Something is a bit non-standard about my reproductive system and this has been a constant problem, because what little doctors do know, they assume is true for everyone.

From puberty to menopause I was intensely depressed every 30 days for 8-12 hours. It was not PMS, so the doctors had no context for it and dismissed it. I worked out for myself that it was ovulation. I have heard this from other women but never found any studies or explanations of why it happens. Maybe understanding this would help with the BC intolerance statistics cited in this article?

At menopause I started bleeding and didn't stop, and was quietly bleeding to death. We tried estrogen BC, and that hit me exactly like ovulation except it never relented.
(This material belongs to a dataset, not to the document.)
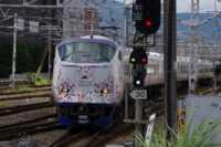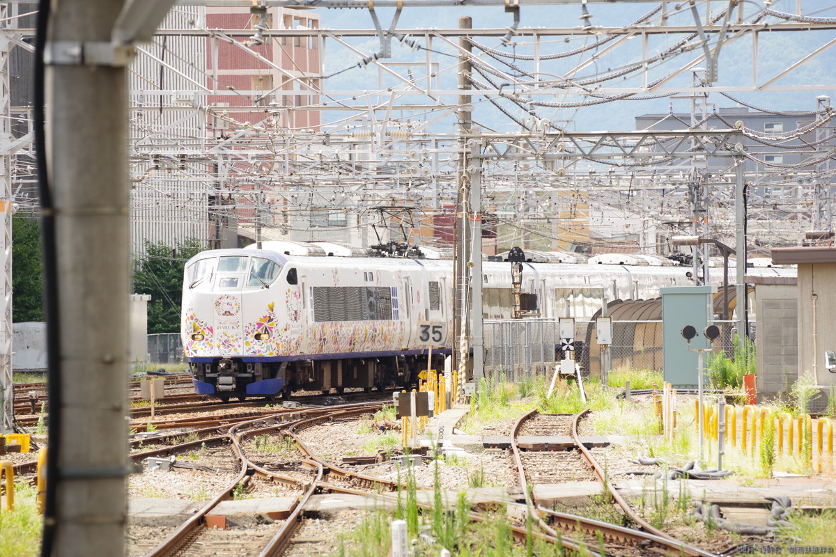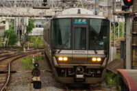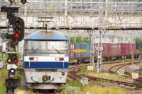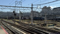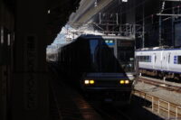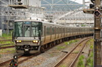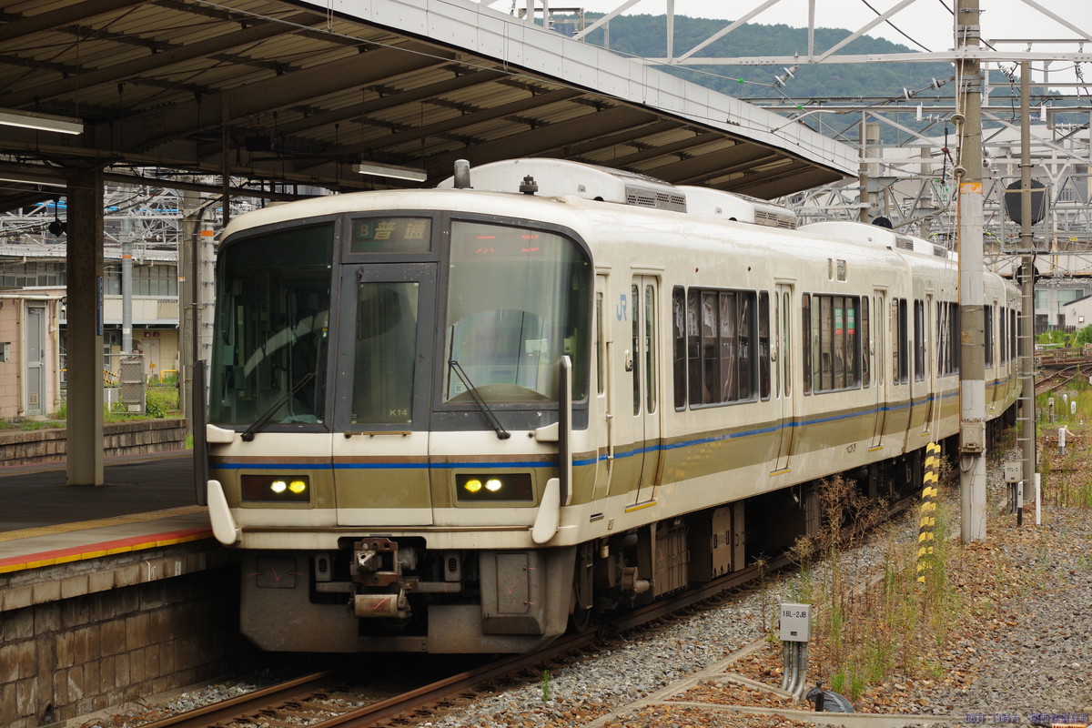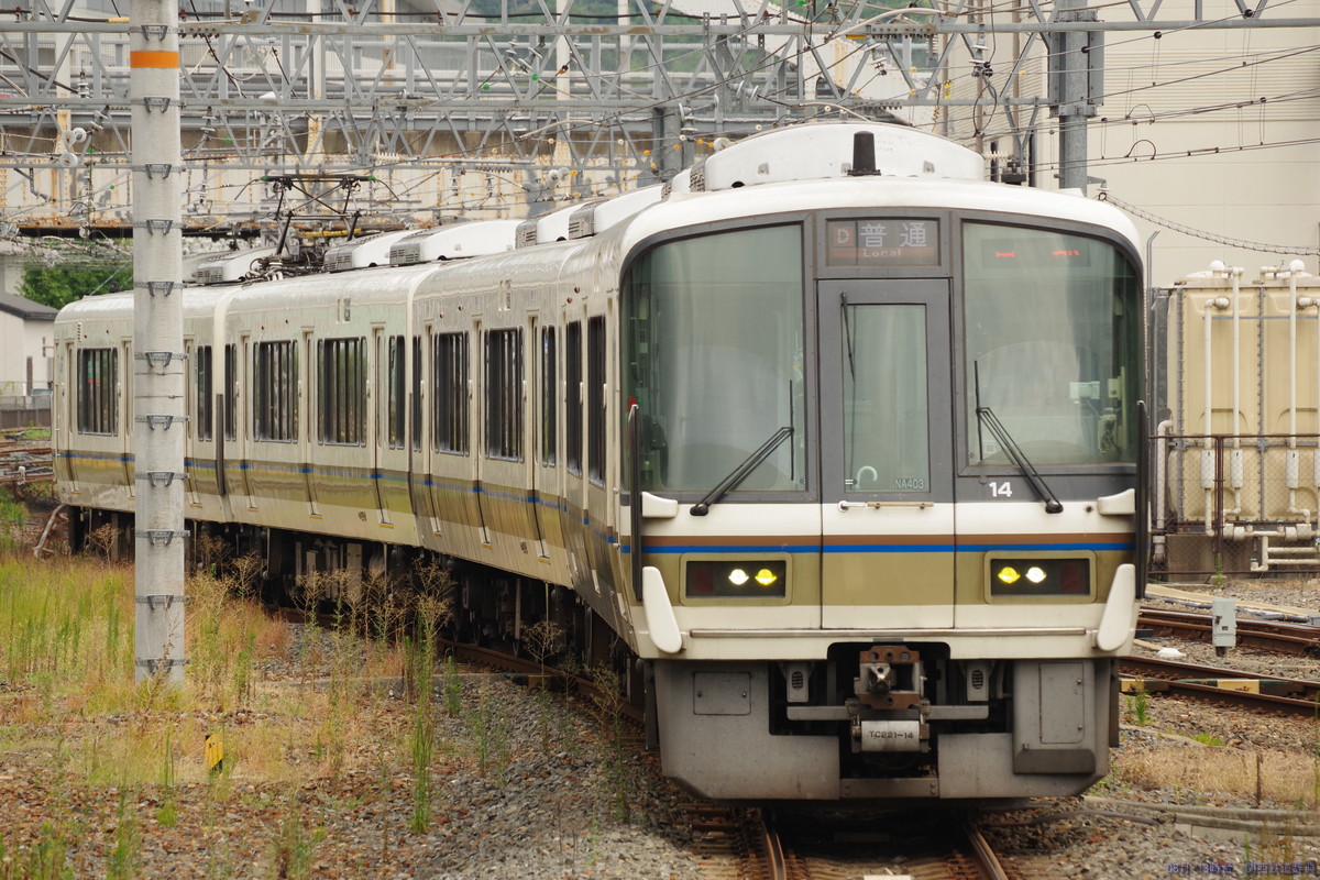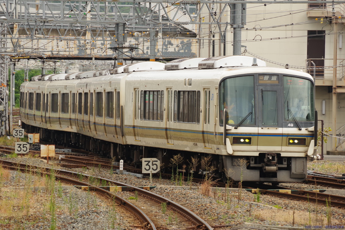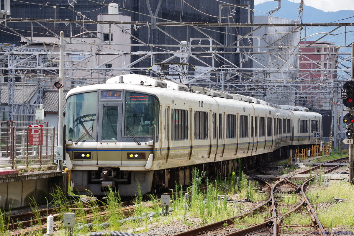 何のことはない駅撮りです。貨物列車の通過は、主に特急が停車する0番線と新快速・快速が停車する2番線の間にある中線=1番線を通ることが多く、0番線からでも側面の撮影が可能。甲種は梅小路で長時間停車するためか、他駅からの移動やら学校帰りの学生やらで撮影者が集まりやすいです。目玉の際は駅員が出ますが…結構フリーダム。

The depression was more immediately life-threatening than the bleeding, but when I quit the BC, the bleeding returned.

The solution turned out to be a progesterone-releasing Mirena IUD. But before getting one I had to be extensively lectured about the risk to my fertility. Never mind that Mirena doesn't pose the risk to fertility that older IUDs did; never mind I was menopausal. Our fertility is evidently more important than our wellbeing.

The next recourse if the Mirena didn't work was hysterectomy, which is pretty serious surgery and I sure was not looking forward to it. I got very lucky, and I had a good gynecologist. I know a lot of women aren't so lucky.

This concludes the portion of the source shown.